Integrating Media Analytics & Reporting For Direct Response Campaigns
Diray Media is a leading DRTV Direct Response Advertising Agency focusing on Integrated Direct Response (IDR), combining TV and Digital to create an integrated, customized campaign that maximizes ROI for its customers.
Diray enables its customers to get the power of TV, online, mobile, and social media working together to tell more stories, activate more responses, and drive more sales. Their proprietary software platforms, MediaSync and MediaInsights, ensure all media channels are working in unison to achieve optimum results. This technology integrates media buys and syncs with additional analytics and reporting to provide the best data allowing them to hyper target specific audiences to ensure their customer’s ad dollar is used effectively to maximize online and retail sales.
Diray Media needed the ability to ingest, analyze, and report on large amounts of both new and updated data from numerous sources. Then they needed the ability to process the data into a Redshift Data Warehouse in a timely and efficient manner. The intraday ingestion of data contains not only new records sets, but also updates to previous records. Although Redshift is a perfect solution for large summarization queries over records spanning multiple years, updating the intraday record set in Redshift is neither efficient nor best practice.
Columnar Database Management Systems like Redshift are not optimal for multi-intraday data loads since many of those records, in Diray’s case, were updates. As updates occur, the system would become unreliable at the current resource node allocation level. While it was possible to add additional nodes to aid loading during those processing windows, the additional resources became underutilized when outside of those update windows.
In order to achieve an optimal architectural configuration centered on best practice, a better approach was needed for the loading and processing of data into Redshift. Additional architectural objectives include meeting the time window allocated for intraday data processing, mitigating and controlling costs, and enabling Diray to have the capability of reporting on the latest data.
The solution was designed to accommodate daily data feeds consisting of a sizable amount of new records, in addition to updates to existing records. We established an OLTP RDBMS (Postgres RDS) to handle intraday activity. The core analytical Data Warehouse remained on Redshift, and was loaded from the Postgres RDS during off peak hours. All supplemental tables, including control tables, were moved to the RDS, eliminating superfluous data in Redshift which left only the data warehouse and legacy reporting tables in the cluster.
Not sure how to begin your journey adopting AWS? Let WCI be your guide.
Our hybrid approach and utilization of the RDS service allows us to perform inserts and updates in an efficient and timely manner which enabled intraday reporting on the most current data elements.
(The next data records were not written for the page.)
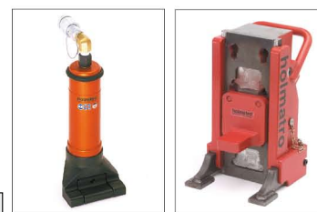
TJ 8 S 13
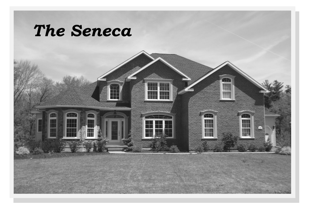
Included Features: Full Masonry Façade as shown, Vinyl Sides and Rear
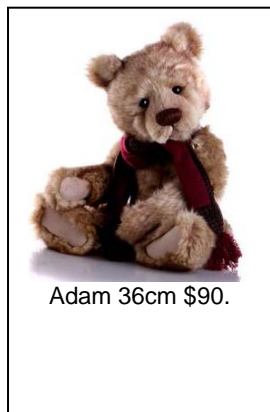
Adam 36cm $90.

Very exciting!! The following Charlie Bears have arrived today. A second shipment is due mid to late December 2009. Where I have quoted quantities under the photos, this means that we will not be getting any more because they have sold out. Where no quantity is quoted, I will be able to order more but cannot guarantee delivery. In other words, if you would like any of these Charlie Bears you will need to be quick. The Isabelle Collection is in very short supply. I have had enquiries from around the world for them, but have decided to give you first choice, so you will have a chance to own one and keep him here in Australia. There are a lot of Charlie Bears yet to arrive during December, January and February. You may put your name on Sue's Wish List if you are after a particular bear.
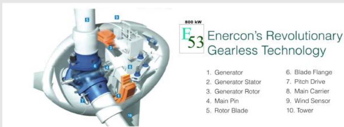
Figure: Enercon make E-53 Diagram.

Enercon (India) Ltd has secured and facilitated the technology transfer for wind based renewable energy generation from Enercon GmbH, has established a manufacturing plant at Daman in India, where along with other components the "Synchronous Generators" using "Vacuum Impregnation" technology are manufactured. Diagram of main component of Enercon make E-53 is shown in below picture:-
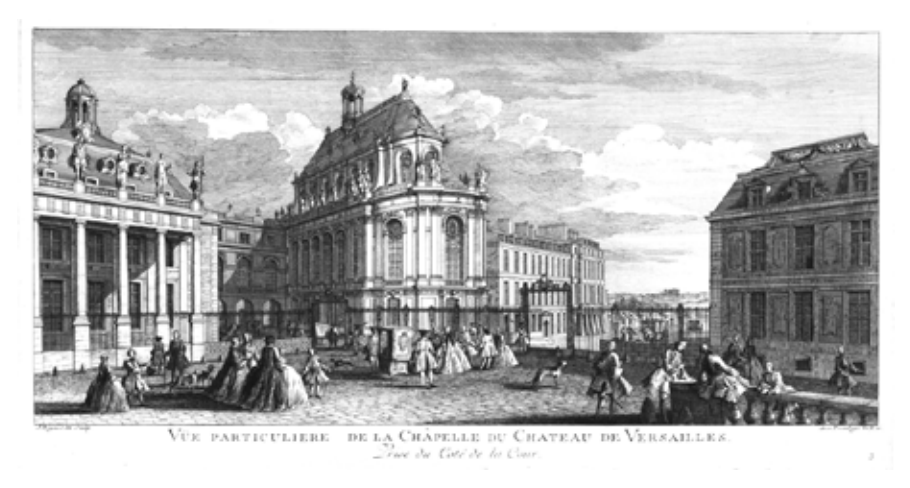
Fig. 5. Jacques Rigaud, View of the Chapel of the Château of Versailles, etching, 1728 (British Museum, London).

Once the data has been reconciled and validated, it is extracted and loaded into the Redshift cluster. Since the data being loaded into Redshift contains only new data records, the load process is efficient, as data is only appended to the current historical record set being maintained. Once the data has been loaded into Redshift, the inserted data is then deleted from the RDS instance.
Diray’s reporting needs require queries against both daily transactional data (RDS) as well as non-transactional analytical data (Redshift). To meet these needs, pgbouncer-rr (an open source PostgreSQL connection pooler) was incorporated. Addition of pgbouncer-rr provided two new significant features:
- Routing: it can intelligently send queries to different database servers from one client connection which allows it to partition or load balance across multiple servers/clusters.
- Rewrite: pgbouncer-rr provides the ability to intercept and programmatically change client queries before they are sent to the server. This enables us to use it to optimize or otherwise alter queries without modifying the source application itself.
These features were utilized to route queries either to the RDS instance or the Redshift cluster, depending on the subject matter and timeframe of the queries.
Reporting on all non-transactional daily loads and the historical information utilizes Redshift’s ability to run massive summation queries over large data sets, while the RDS instance is designated to handle the summarization queries on transactional data.
Results & Benefits
With the guidance and support of WCI Data Solutions, Diray Media was able to utilize several services inside the AWS platform to meet their business needs and better serve their customers, while reducing their overall spend. After implementing this solution, Diray was able to reduce the Redshift cluster by half without having to provision and spend unnecessarily on underutilized resources. Diray is still able to leverage Redshift’s query performance while providing near real-time reporting through the RDS. As a result, Diray Media has been able to enjoy substantial cost savings and a marked increase in system performance.